**WHAT NEEDS TO BE DONE:** The data that follows is to be copied exactly, with each image removed.

**INFORMATION SUPPLIED:**
"""

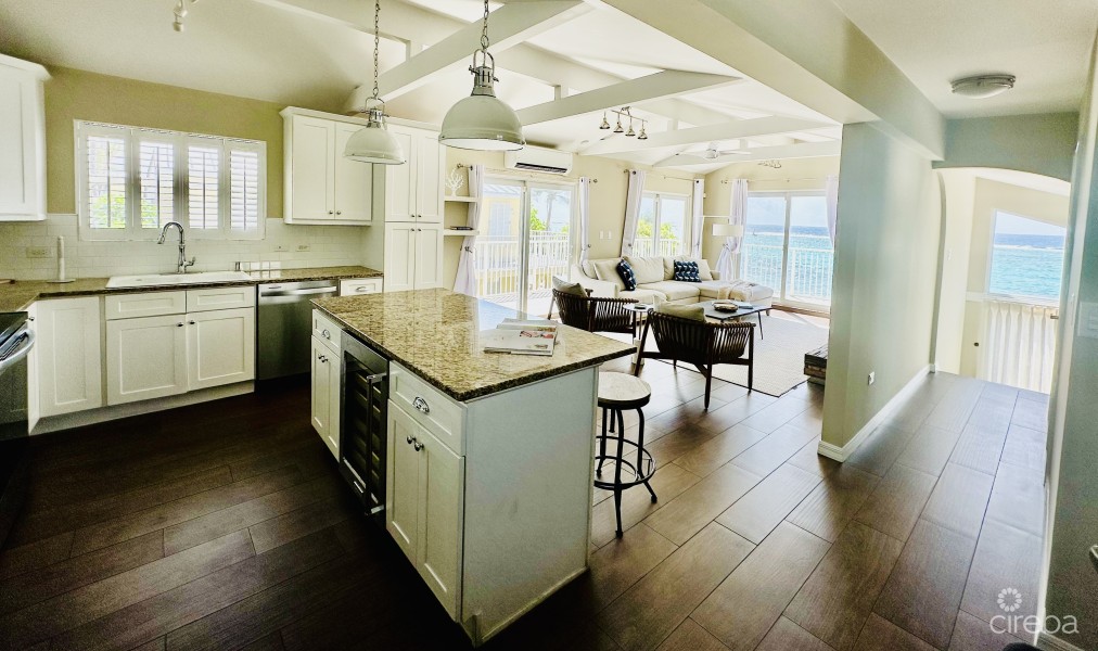 Escape to your own Beachfront Cottage at Caribbean Paradise in South Sound. A stand alone home with expansive deck and exquisite sea views, where you can hear the water as it laps the shore and enjoy the sea breezes. This truly is your Caribbean Paradise come true! This stunning 3-bedroom + office + den, is a multi-level renovated home and perfect for any couple or family. Beachfront living, nestled in a safe, family-friendly neighborhood, offering the ideal blend of luxury, comfort, and charm. This Hawaiian style home with the kitchen, living, dining area, powder room and laundry all upstairs, boasts high ceilings and a bright and airy, white feel. This living space offers seamless beach views, perfect for gathering with loved ones and cozying up to the sound of the waves. Three well-appointed bedrooms and office can be found on the lower level providing a relaxing and cool space to lay your head at night. The kids room includes a nautical theme, complete with a bunkbed and slide. The neighboring room offers a king size bed and garden views with expansive wardrobe space. Both share a full sized bathroom with luxury oversized bath tub and shower. The den can be found on the basement level, where you have fitted storage complete with a Murphy bed for guests and play area or spacious media room, perfect for kids in the family. The Master Bedroom , found on the same level as the other bedrooms, provides a luxurious hideaway with en suite and expansive wardrobe, where you can lay in bed and watch the serene blues of the Caribbean Sea. Large patios doors open onto your very own deck and slice of white sand and sea. This is paradise, surely? This is a rare find in Cayman and will be snapped up very quick, so do not miss your chance to own your slice of Caribbean Paradise!
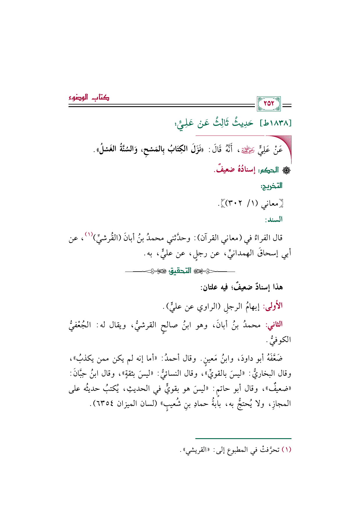 قال الفراءُ في (معاني القرآن): وحدَّثني محمدُ بنُ أبانَ (القُرشيِّ) (¬١)، عن أبي إسحاقَ الهمدانيِّ، عن رجلٍ، عن عليٍّ، به.
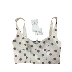 Zara Polka Dot Bustier Crop Top Cream Brown NWT Size M Corset Style Retro Chic Summer Party Aesthetic

"""

**SOLUTION:**
 Escape to your own Beachfront Cottage at Caribbean Paradise in South Sound. A stand alone home with expansive deck and exquisite sea views, where you can hear the water as it laps the shore and enjoy the sea breezes. This truly is your Caribbean Paradise come true! This stunning 3-bedroom + office + den, is a multi-level renovated home and perfect for any couple or family. Beachfront living, nestled in a safe, family-friendly neighborhood, offering the ideal blend of luxury, comfort, and charm. This Hawaiian style home with the kitchen, living, dining area, powder room and laundry all upstairs, boasts high ceilings and a bright and airy, white feel. This living space offers seamless beach views, perfect for gathering with loved ones and cozying up to the sound of the waves. Three well-appointed bedrooms and office can be found on the lower level providing a relaxing and cool space to lay your head at night. The kids room includes a nautical theme, complete with a bunkbed and slide. The neighboring room offers a king size bed and garden views with expansive wardrobe space. Both share a full sized bathroom with luxury oversized bath tub and shower. The den can be found on the basement level, where you have fitted storage complete with a Murphy bed for guests and play area or spacious media room, perfect for kids in the family. The Master Bedroom , found on the same level as the other bedrooms, provides a luxurious hideaway with en suite and expansive wardrobe, where you can lay in bed and watch the serene blues of the Caribbean Sea. Large patios doors open onto your very own deck and slice of white sand and sea. This is paradise, surely? This is a rare find in Cayman and will be snapped up very quick, so do not miss your chance to own your slice of Caribbean Paradise!
 قال الفراءُ في (معاني القرآن): وحدَّثني محمدُ بنُ أبانَ (القُرشيِّ) (¬١)، عن أبي إسحاقَ الهمدانيِّ، عن رجلٍ، عن عليٍّ، به.
 Zara Polka Dot Bustier Crop Top Cream Brown NWT Size M Corset Style Retro Chic Summer Party Aesthetic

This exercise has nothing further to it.